WORK TO COMPLETE
Quote the entries below from the line with "Wrangler Logo Rodeo" through the line with "Pair of thin", both ends included, and only those lines.

EXTRACTED DATA
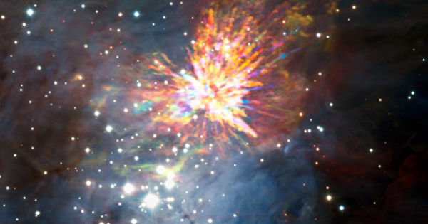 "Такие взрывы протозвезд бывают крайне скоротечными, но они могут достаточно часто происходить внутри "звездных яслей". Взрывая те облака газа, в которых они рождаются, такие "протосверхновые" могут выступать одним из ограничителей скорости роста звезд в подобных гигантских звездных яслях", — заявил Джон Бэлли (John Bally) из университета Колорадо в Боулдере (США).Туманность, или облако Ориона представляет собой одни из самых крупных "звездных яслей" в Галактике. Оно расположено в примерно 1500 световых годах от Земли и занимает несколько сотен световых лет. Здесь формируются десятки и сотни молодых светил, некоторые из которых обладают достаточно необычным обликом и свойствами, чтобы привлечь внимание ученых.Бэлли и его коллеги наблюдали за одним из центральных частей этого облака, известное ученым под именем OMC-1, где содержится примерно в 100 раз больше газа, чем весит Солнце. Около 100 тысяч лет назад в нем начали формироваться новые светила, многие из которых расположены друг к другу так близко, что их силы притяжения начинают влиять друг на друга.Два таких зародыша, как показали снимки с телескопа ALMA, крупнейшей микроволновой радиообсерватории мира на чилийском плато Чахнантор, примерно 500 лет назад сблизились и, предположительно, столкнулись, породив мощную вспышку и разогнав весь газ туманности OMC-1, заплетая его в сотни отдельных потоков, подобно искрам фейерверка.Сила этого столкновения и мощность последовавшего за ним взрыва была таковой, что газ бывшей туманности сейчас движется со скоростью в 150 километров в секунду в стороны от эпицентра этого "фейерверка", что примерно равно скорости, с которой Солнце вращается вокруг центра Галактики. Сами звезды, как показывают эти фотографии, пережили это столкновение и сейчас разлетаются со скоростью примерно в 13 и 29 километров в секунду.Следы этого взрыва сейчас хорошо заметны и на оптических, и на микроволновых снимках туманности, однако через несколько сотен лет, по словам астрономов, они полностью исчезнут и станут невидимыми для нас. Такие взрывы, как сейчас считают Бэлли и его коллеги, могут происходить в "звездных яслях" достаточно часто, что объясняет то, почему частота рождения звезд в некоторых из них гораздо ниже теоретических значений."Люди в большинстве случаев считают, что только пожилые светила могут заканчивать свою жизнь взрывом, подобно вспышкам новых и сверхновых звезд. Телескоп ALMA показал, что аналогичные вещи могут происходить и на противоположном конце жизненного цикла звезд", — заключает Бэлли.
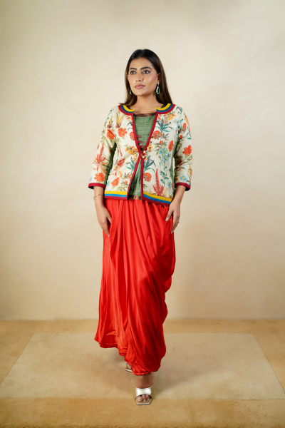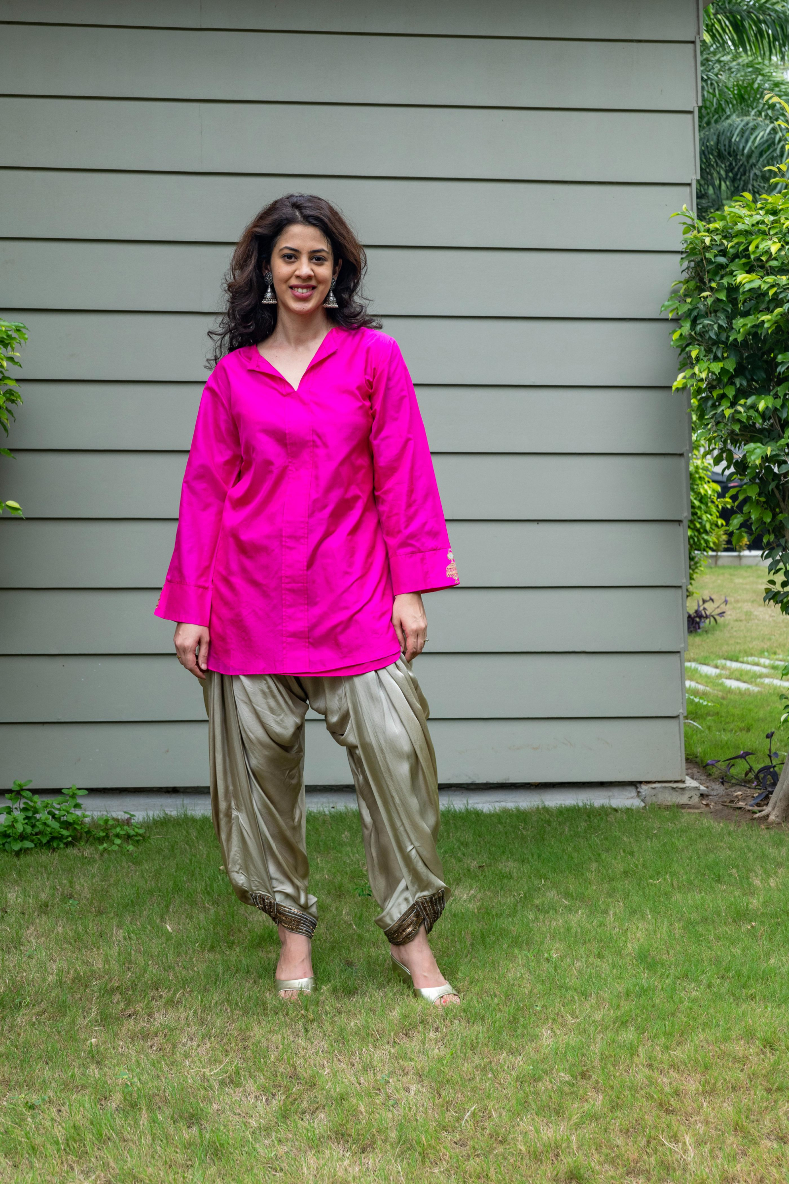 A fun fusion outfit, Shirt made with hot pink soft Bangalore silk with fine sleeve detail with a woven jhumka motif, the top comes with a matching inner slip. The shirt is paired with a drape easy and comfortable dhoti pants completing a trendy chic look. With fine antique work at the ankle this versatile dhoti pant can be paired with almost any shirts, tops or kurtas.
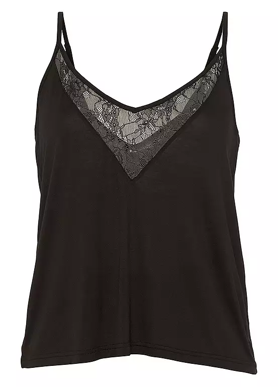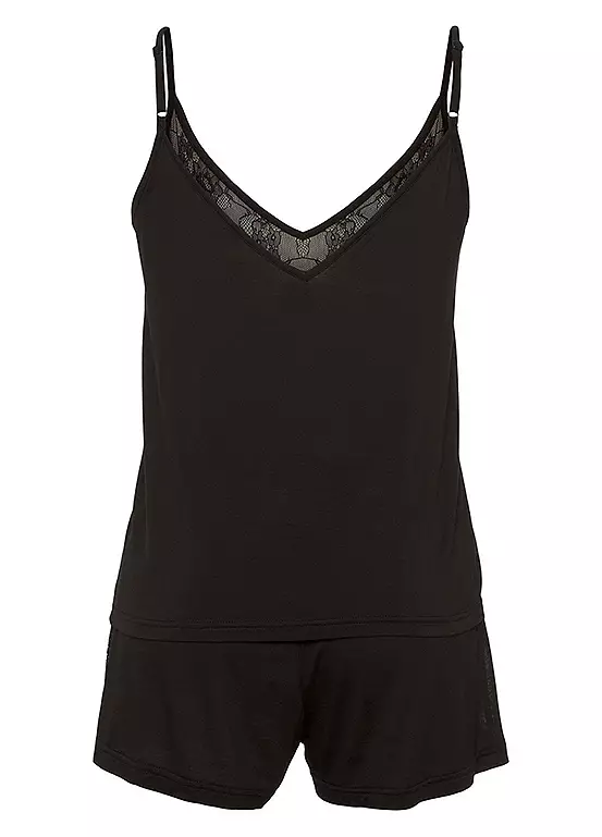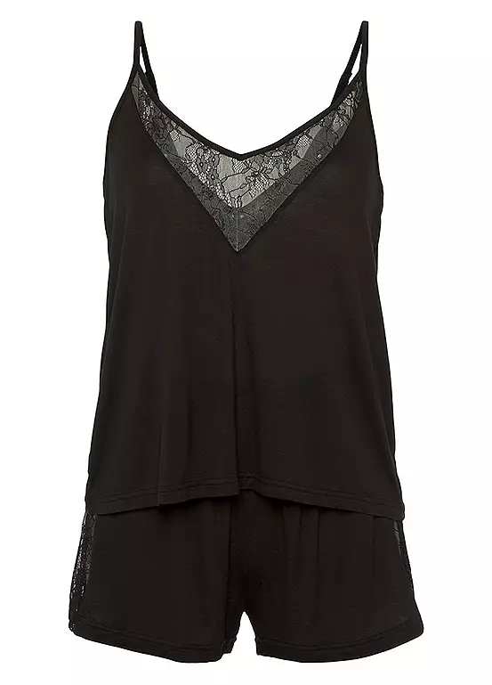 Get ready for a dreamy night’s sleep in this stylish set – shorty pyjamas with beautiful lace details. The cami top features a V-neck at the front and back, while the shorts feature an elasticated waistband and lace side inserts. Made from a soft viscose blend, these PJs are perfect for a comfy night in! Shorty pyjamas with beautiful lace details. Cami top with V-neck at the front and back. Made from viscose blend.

* * *

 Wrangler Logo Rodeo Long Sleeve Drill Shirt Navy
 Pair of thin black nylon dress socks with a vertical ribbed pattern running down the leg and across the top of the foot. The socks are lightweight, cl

RESPONSE TO THE TASK
 Wrangler Logo Rodeo Long Sleeve Drill Shirt Navy
 Pair of thin black nylon dress socks with a vertical ribbed pattern running down the leg and across the top of the foot. The socks are lightweight, cl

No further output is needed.